The minimal clinically important difference (MCID) has been established for adult questionnaires administered after pediatric anterior cruciate ligament reconstruction (ACLR) and medial patellofemoral ligament reconstruction (MPFLR), but the MCID remains unquantified in pediatric-specific patient-reported outcome (PRO) instruments.

Purpose:

To establish MCIDs for the Hospital for Special Surgery Pediatric Functional Activity Brief Scale (HSS Pedi-FABS), Pediatric International Knee Documentation Committee (Pedi-IKDC), and pediatric and parent-proxy Patient-Reported Outcomes Measurement Information System (PROMIS) pain interference (PI), mobility, and physical activity scores in pediatric patients who underwent ACLR and MPFLR.

Study Design:

Cohort study; Level of evidence, 3.

Methods:

The medical records of patients <18 years of age who underwent ACLR or MPFLR with 1 of 2 pediatric orthopaedic surgeons between 2016 and 2023 were retrospectively reviewed. Patient demographic and clinical factors were collected. Preoperative HSS Pedi-FABS, Pedi-IKDC, and pediatric and parent-proxy PROMIS pain interference (PI), physical activity, and mobility questionnaire scores were collected. The MCID was defined as one-half the standard deviation of preoperative scores. The MCIDs were calculated for patients undergoing ACLR and MPFLR.

Results:

In the ACLR group (505 patients; mean age, 14.5 ± 2.0 years), the MCIDs were established for the HSS Pedi-FABS (–5.0); Pedi-IKDC (8.7); pediatric PROMIS PI (–5.2), mobility (2.2), and physical activity (5.6); and parent-proxy PROMIS PI (–4.3), mobility (4.3), and physical activity (5.0) questionnaires. In the MPFLR group (253 patients; mean age, 14.4 ± 2.1 years), the MCIDs were established for the HSS Pedi-FABS (–5.1); Pedi–IKDC (9.1); pediatric PROMIS PI (–5.7), mobility (4.9), and physical activity (5.6); and parent-proxy PROMIS PI (–4.3), mobility (4.5), and physical activity (5.9) questionnaires. Negative MCIDs were reported for activity and pain scores to indicate MCID thresholds for decreased postoperative pain (i.e., pain improvement) and activity levels (i.e., decreased activity levels compared to healthiest and most active condition, absence of full recovery).

Conclusion:

Keywords

PRO MCID pediatric knee

The incidence of pediatric knee injuries and subsequent surgeries has considerably increased globally during the past 20 years.^10,19,33 Between 2004 and 2014, there was a 2.8-fold increase in anterior cruciate ligament reconstructions (ACLRs) relative to total pediatric orthopaedic operations, owing to a greater exposure of children and adolescents to athletic activity and an increase in the number of available sports.³⁸ Similar increases in medial patellofemoral ligament reconstruction (MPFLR) to treat patellofemoral instability (PFI) have been observed, given improved functional outcomes with reconstruction compared with repair of the ligament.^19,34

Recent paradigm shifts have focused on maximizing patient-centered care after surgical management of the pediatric knee.

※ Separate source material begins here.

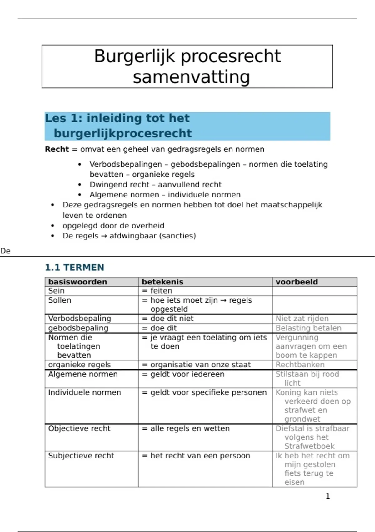 Duidelijke en overzichtelijke samenvatting van burgerlijk procesrecht, gebaseerd op de lessen. Alles is stap voor stap uitgelegd in begrijpelijke taal, met schema’s, ALLE nodige wetsartikelen en uitgewerkte casussen die echt helpen om de leerstof te snappen (die heel handig waren tijdens het examen)
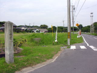 暫らく進むと石柱(9:49)![]() 写真を撮って先に進む かなり進んで、どうも様子が可笑しいと 石柱の位置まで引き返し、路地へ |

Patient-reported outcomes (PROs) are an increasingly common and effective modality to quantify mental, physical, and/or social health to evaluate clinical outcomes from a patient's perspective. The minimal clinically important difference (MCID) is the threshold value that reflects the smallest change in a PRO that is clinically meaningful to a patient after surgery. Increasing interest has been placed on defining MCID after orthopaedic surgeries.^{13,18,22,26,28,29,31} Nwachukwu et al²⁸ utilized these standards in adult ACLR, showing the predictive value of a general 12-item physical and mental health questionnaire toward return to play and achievement of the MCID on knee-specific questionnaires. In the pediatric population, Maheshwer et al²⁰ established MCID threshold values in pediatric ACLR for the International Knee Documentation Committee (IKDC) score and Knee injury and Osteoarthritis Outcome Score.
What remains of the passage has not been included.